The RShiny app riskintro provides a graphical interface for the following analyses.

The central datasets to each method are:

The emission risk score table, which provides a risk of emission diseases (that is to say the risk of a disease spreading from that country). This score is based on summary of risk factors, many of which are available from WAHIS (see more here). This data exists for many countries around the world, and is augmented with geospatial data corresponding to each country’s administrative boundaries.
The area of interest, Geospatial data defining the borders of a region. This is the area for which we want to know the risk of introduction of a disease. The most common data is that of a country and its administrative boundaries, including internal boundaries. For example, French departments, or German states.
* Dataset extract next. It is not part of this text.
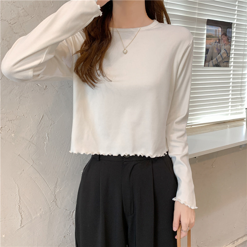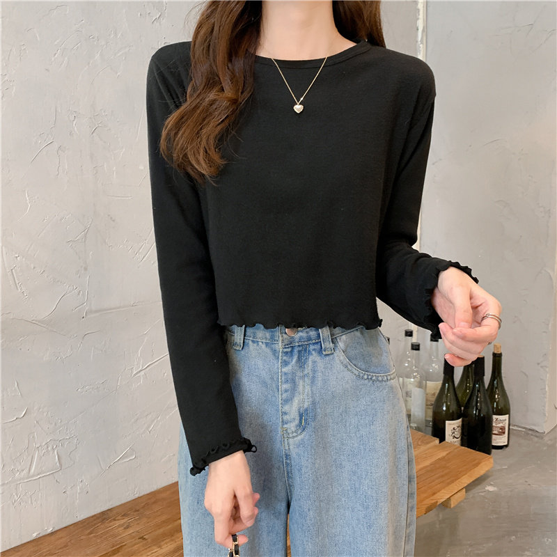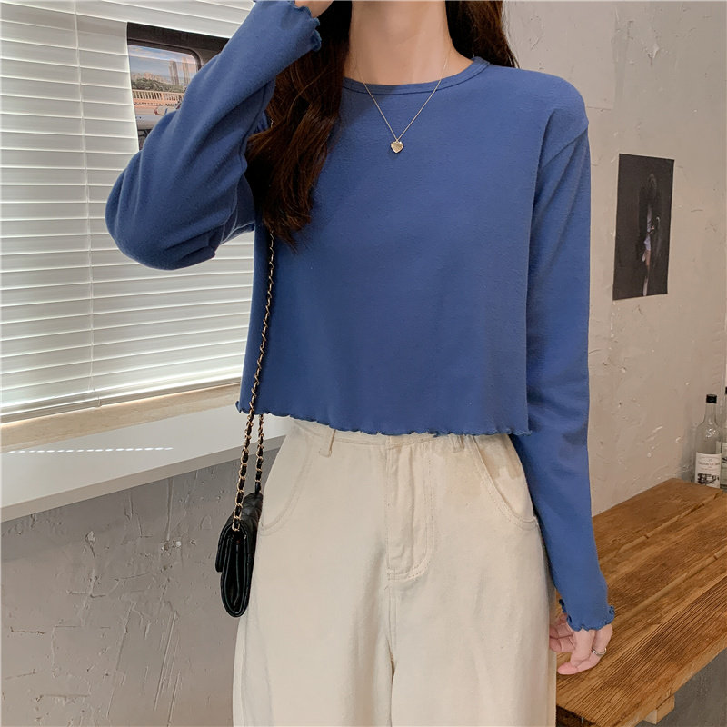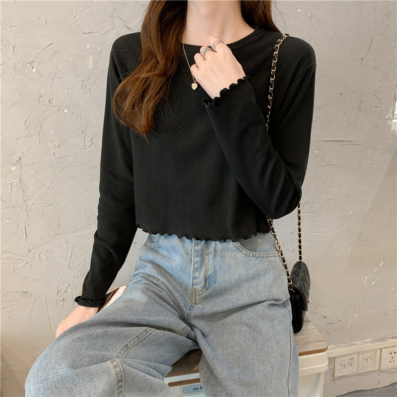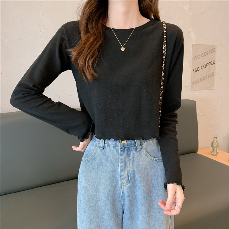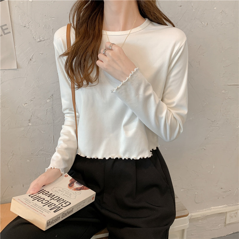 Весна и осень 2025 года, новая короткая версия футболки с грибковыми краями, женская рубашка с длинными рукавами в иностранном стиле, тонкая рубашка с внутренним верхом и низом на осень и зиму

These two datasets are used along with other data to calculate risk scores for the following analyses:

Border lengths: using the length of shared borders the risk of introduction is weighed comared to each neighbouring country and their risk score.
Border entry points: using an additional dataset that defines broder entry points, risk of introduction is weighted by legality of entry point.
Animal mobility: using an additional dataset defining legal animal commerce flows, risk of introduction is weighed based on the number of animals entering the area.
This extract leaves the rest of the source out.